EU Responsible Person. An EU-established natural or legal person designated by a non-EU manufacturer to handle GPSR compliance duties, including technical-file production and authority cooperation.
Safety Business Gateway. The EU portal where economic operators notify authorities of unsafe products and corrective actions.
Safety Gate Portal. The EU's rapid alert system for non-food dangerous products; the consumer-facing companion to the Safety Business Gateway.
Implementing Regulation (EU) 2024/1435. The template-and-procedure rule that prescribes how recalls and safety warnings must be communicated to consumers under GPSR.

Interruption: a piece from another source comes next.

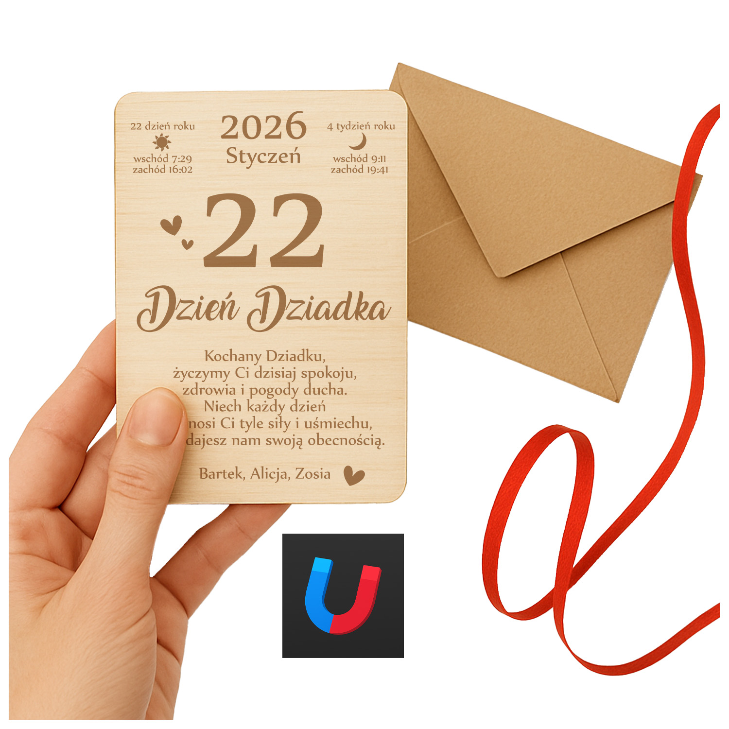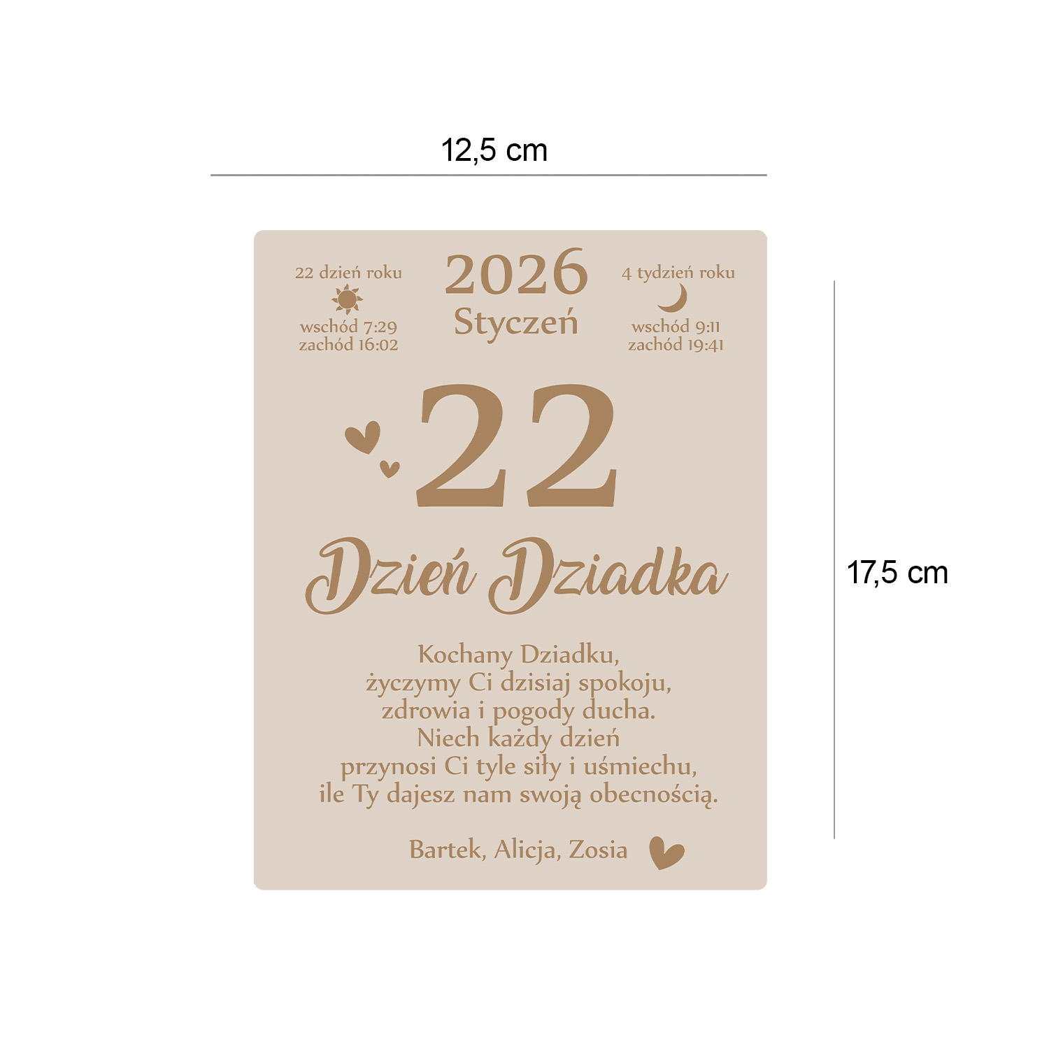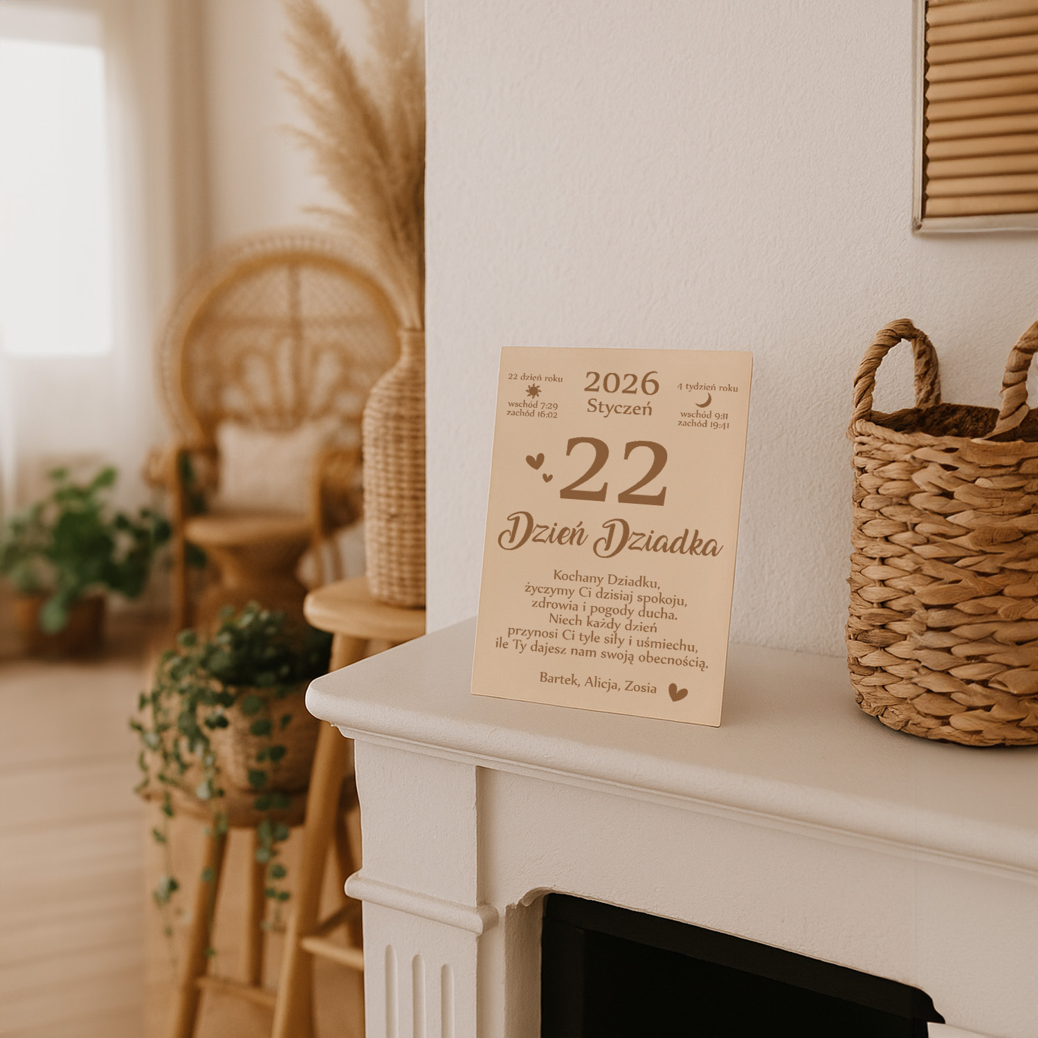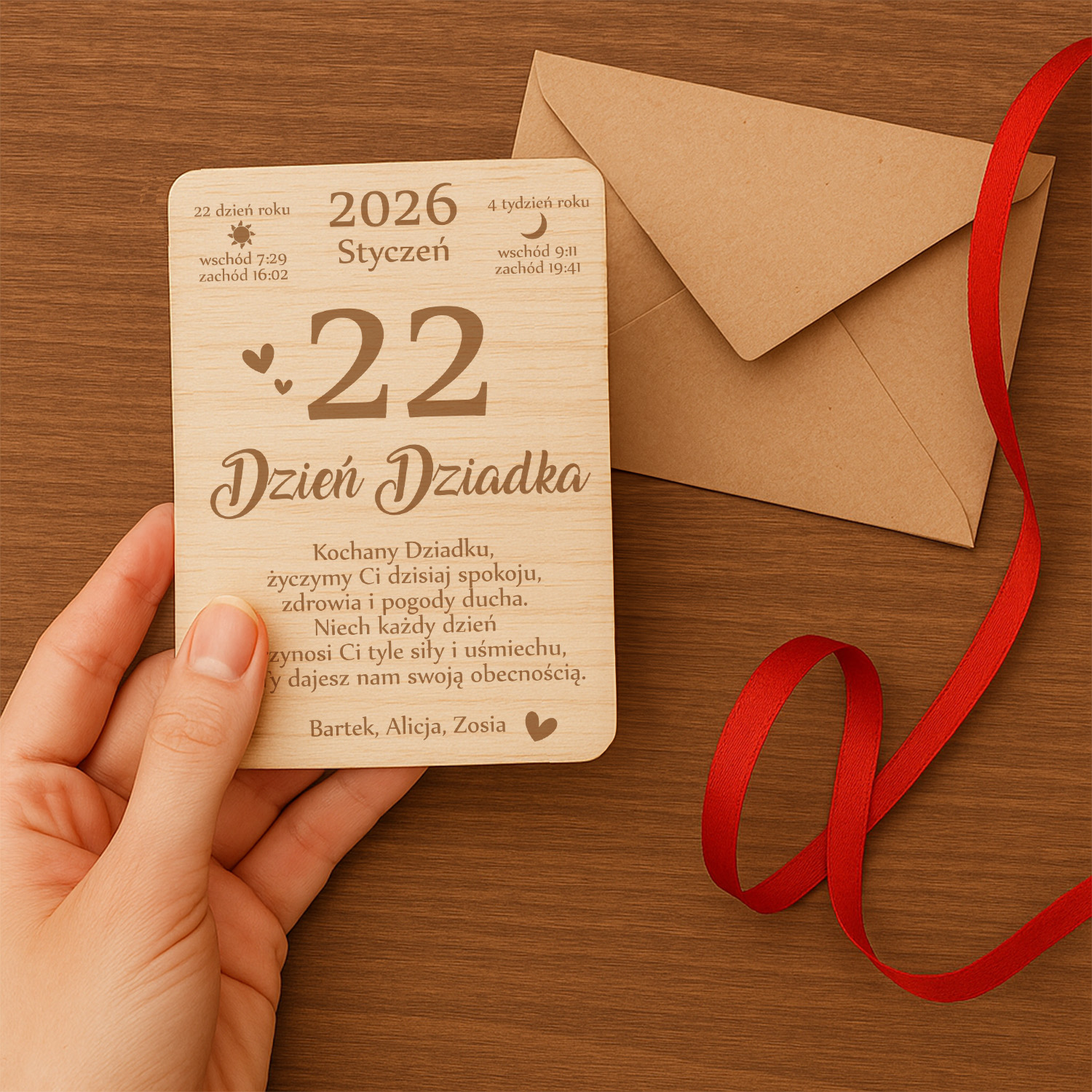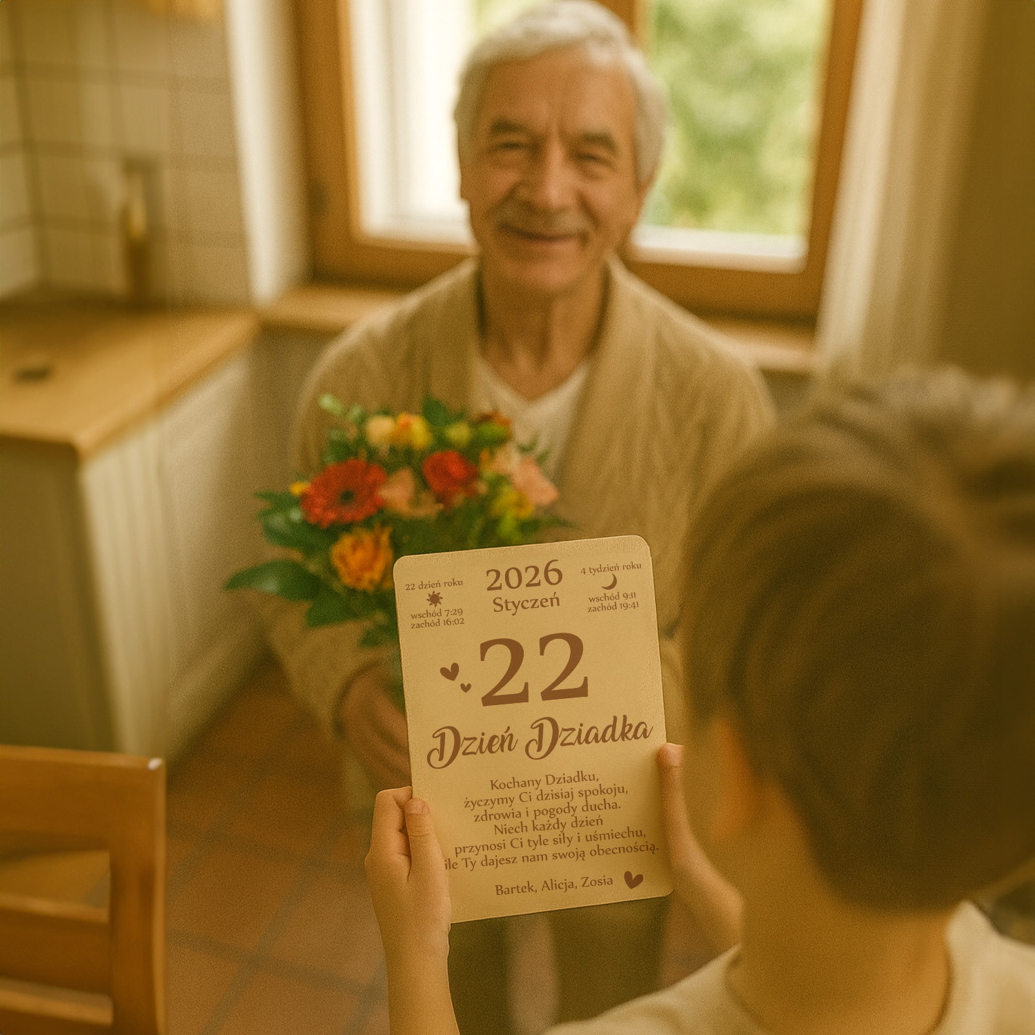 Szukasz wyjątkowego, trwałego i wzruszającego upominku? Drewniana kartka z kalendarza z grawerem to piękna pamiątka, która zostanie z Babcią lub Dziadkiem na długie lata. To idealny prezent na Dzień Babci i Dzień Dziadka, ale sprawdzi się również jako upominek na urodziny, imieniny czy rocznicę.

Educational information, not legal advice. Validate scope and obligations with a qualified advisor before acting; consult the consolidated text of Regulation (EU) 2023/988 on EUR-Lex for the authoritative legal source.
Frequently asked questions
When did GPSR become enforceable?+
Regulation (EU) 2023/988 has applied across the EU 27 since 13 December 2024. It repealed the old 2001 General Product Safety Directive (GPSD) and introduced new duties for online sellers, marketplaces and non-EU manufacturers.
Who does GPSR apply to?+
Anyone placing a consumer product on the EU market: manufacturers, importers, distributors, fulfilment service providers and online marketplaces. Product category does not matter — GPSR is a horizontal baseline that applies wherever no sector-specific regulation already covers safety (toys, electronics, cosmetics keep their dedicated rules in addition).
Do I need GPSR compliance if I only sell on marketplaces like Amazon or Etsy?+
Yes. The marketplace has duties under Article 22, but the seller remains the responsible economic operator. Most marketplaces have now embedded GPSR fields into their listing flows and will suppress listings missing manufacturer, Responsible Person or warning data.
What are the penalties for non-compliance?+
Article 44 leaves penalty levels to Member States but requires them to be 'effective, proportionate and dissuasive.' In practice that ranges from a few thousand euros for missing labels in Germany to up to 4% of annual turnover under the French DGCCRF regime. The bigger commercial risk is marketplace delisting and forced recall.
Is GPSR the same as CE marking?+
No. CE marking certifies conformity with specific product directives (toys, low voltage, machinery, EMC, etc.). GPSR is the residual safety net — it applies even where no CE-marking directive does, and it adds traceability, online-sales and recall duties that CE marking alone does not cover.